::: PROVIDED DATA :::

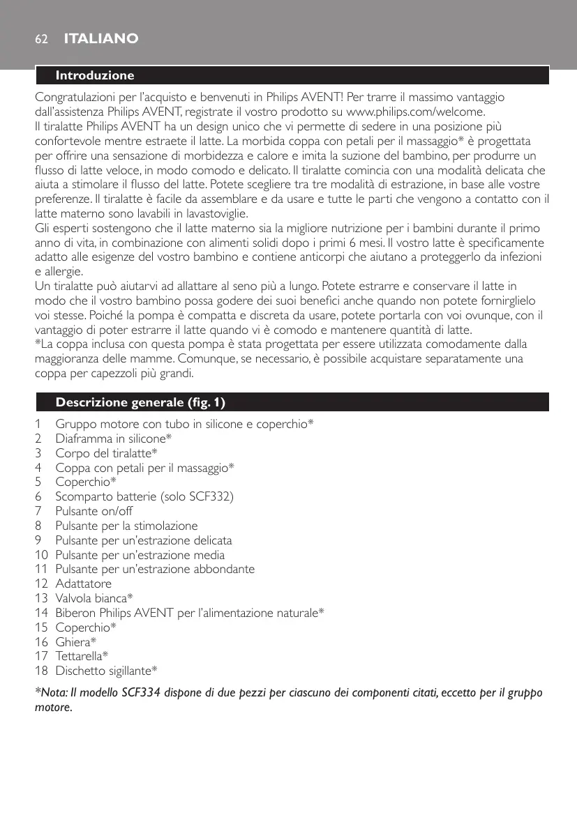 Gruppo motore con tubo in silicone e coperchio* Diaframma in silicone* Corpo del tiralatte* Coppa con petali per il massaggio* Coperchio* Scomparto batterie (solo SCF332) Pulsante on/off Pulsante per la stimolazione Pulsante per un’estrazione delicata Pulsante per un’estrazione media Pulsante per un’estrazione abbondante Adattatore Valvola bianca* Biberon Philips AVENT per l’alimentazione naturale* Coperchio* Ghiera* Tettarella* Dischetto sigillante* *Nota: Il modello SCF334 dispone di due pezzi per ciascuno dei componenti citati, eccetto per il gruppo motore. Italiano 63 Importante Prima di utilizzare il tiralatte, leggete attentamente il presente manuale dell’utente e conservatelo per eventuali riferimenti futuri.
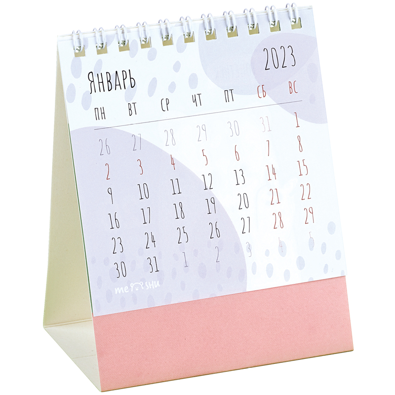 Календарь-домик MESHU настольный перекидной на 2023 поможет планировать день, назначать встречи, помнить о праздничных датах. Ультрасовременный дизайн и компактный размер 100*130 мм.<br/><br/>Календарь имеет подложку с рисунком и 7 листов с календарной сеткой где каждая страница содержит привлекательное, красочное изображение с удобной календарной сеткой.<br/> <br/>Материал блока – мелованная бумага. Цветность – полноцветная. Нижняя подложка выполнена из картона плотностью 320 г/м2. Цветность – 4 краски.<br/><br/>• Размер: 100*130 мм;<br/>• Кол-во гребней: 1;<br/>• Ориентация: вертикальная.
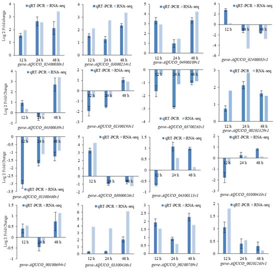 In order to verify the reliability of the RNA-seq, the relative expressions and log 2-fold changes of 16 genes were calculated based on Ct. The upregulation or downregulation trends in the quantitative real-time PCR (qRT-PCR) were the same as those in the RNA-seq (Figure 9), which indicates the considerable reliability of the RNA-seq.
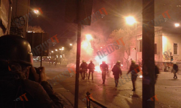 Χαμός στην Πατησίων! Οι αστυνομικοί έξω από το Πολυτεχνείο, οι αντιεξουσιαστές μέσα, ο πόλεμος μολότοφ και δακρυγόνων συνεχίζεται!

:::

GOAL OF THE EXERCISE: Each line from the one that holds "In order to" through the end of the material should be repeated exactly, and nothing more. Leave out any picture.

ANSWER SECTION:
 In order to verify the reliability of the RNA-seq, the relative expressions and log 2-fold changes of 16 genes were calculated based on Ct. The upregulation or downregulation trends in the quantitative real-time PCR (qRT-PCR) were the same as those in the RNA-seq (Figure 9), which indicates the considerable reliability of the RNA-seq.
 Χαμός στην Πατησίων! Οι αστυνομικοί έξω από το Πολυτεχνείο, οι αντιεξουσιαστές μέσα, ο πόλεμος μολότοφ και δακρυγόνων συνεχίζεται!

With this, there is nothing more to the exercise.